More than a year has passed since the report of the first case of coronavirus disease 2019 (COVID), and many deaths continue to occur. Despite the discovery of different vaccine formulas from different pharmaceutical companies, many problems related to mass production and distribution across the world still persist. This factor is accompanied by political and economic constraints that may further limit vaccine access [1]. For these reasons, pandemic containment is a hard task, resulting in increased deaths. At the time this manuscript is written, SARS-CoV-2 numbers reported by the World Health Organization (Ginevra, Switzerland) ( https://covid19.who.int/ , 31 May 2021) worldwide include: almost 173,005,553 people infected with SARS-CoV-2; more than 3,727,605 death cases and around 1,900,955,505 vaccine doses administered. Multiple hospitalizations, due to the rapid spread of the virus have required an improvement of patient management throughout the healthcare system. In this context, it is important to minimize the time required for resource allocation and clinical decision making, such as triage, choice of ventilation modality, admission to the intensive care unit. Currently, baseline machine learning (ML) and deep learning (DL) techniques are widely accepted thanks to their ability to obtain information from the input data without “a priori” definitions [2]. These approaches can be efficiently tested in healthcare applications such as diagnosis of diseases, analysis of medical images, collection of big data, research and clinical trials, management of smart health records, prediction of outbreaks [3]. Consequently, DL models are capable of solving complex tasks in the intricate clinical field [4]. ML is acquiring an increasingly sought-after role in predicting the outcome of COVID patients [3,5,6,7]. For instance, a mortality prediction model could rapidly and effectively help clinical decision-making for COVID patients at imminent risk of death. Recent studies reviewed predictive models for SARS-CoV-2 diagnosis and severity, length of hospital stay, intensive care unit (ICU) admission, mechanical ventilation modality outcomes [8,9,10,11,12], highlighting pitfalls of the machine and deep learning methods based on imaging data [13]; however, systematic reviews focused on prediction of COVID mortality outcome with ML methods, including DL techniques, are lacking in the literature.
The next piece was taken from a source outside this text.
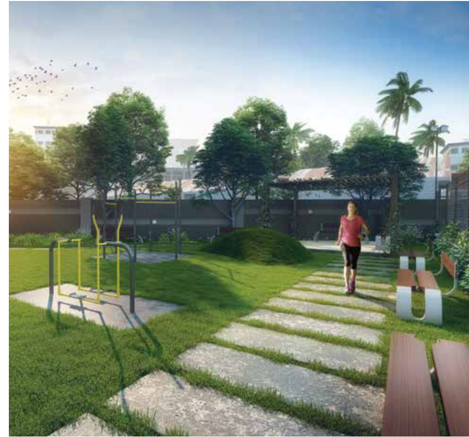
Outdoor fitness zone

The aim of this review is to discuss the current state of the art of ML methods to predict COVID mortality by: (1) summarizing the existing published literature on baseline ML- and DL-based COVID mortality prognosis systems based on medical evaluations, laboratory exams and Computer Tomography (CT); (2) presenting relevant information including the type of data employed, the data splitting technique, the proposed ML methodology and evaluation metrics; (3) providing possible explanations of the best results obtained; (4) discussing challenging aspects of current studies, providing suggestions for future developments.

2. Literature Review Methods

This systematic review considers the state of the art in ML and DL as applied to COVID mortality prediction. We performed a MEDLINE search on PubMed on 26 May 2021 using the terms “machine learning covid survival” (146 results), “machine learning covid mortality” (131 results), “deep learning covid survival” (49 results), “deep learning covid mortality” (45 results) and additional similar terms. The search results were filtered to remove: duplicates, ML approaches for SARS-CoV-2 diagnosis or prognosis besides mortality, preprint works, abstract works, papers that deviated from our purpose. We try to shed some light on peculiar characteristics of these studies in terms of: (i) data source, (ii) data partitioning, (iii) class of features, (iv) implemented features ranking method, (v) implemented ML technique, (vi) metrics evaluated for performance assessment.

We focused on the type of model validation that each study used to split data into train and test groups. Particularly, we chose to report the number of subjects used for the train and test set, and the corresponding number of survived and non-survived subjects. Additionally, we categorized validations type in: internal, external, merged and prospective (in particular internal prospective or merged prospective); referring to Internal validation when the studies subdivided a single-site database into train and test groups; external validation when studies trained and tested the model using data from independent cohorts, obtained from different sites. Moreover, we referred to merged validation for studies that combined data from different sites producing a single database to split into train and test groups or used multisite publicly available epidemiological datasets. Finally, we indicated prospective validation when studies implemented a temporal validation, assessing temporal generalizability. In the case of internal prospective validation, data of hospitalized patients from a first timeframe was used for training and data of patients admitted at a different time from the same hospital was used for testing. Differently, prospective merged validation relied on multisite data to train the model and multisite data collected in a subsequent timeframe for testing.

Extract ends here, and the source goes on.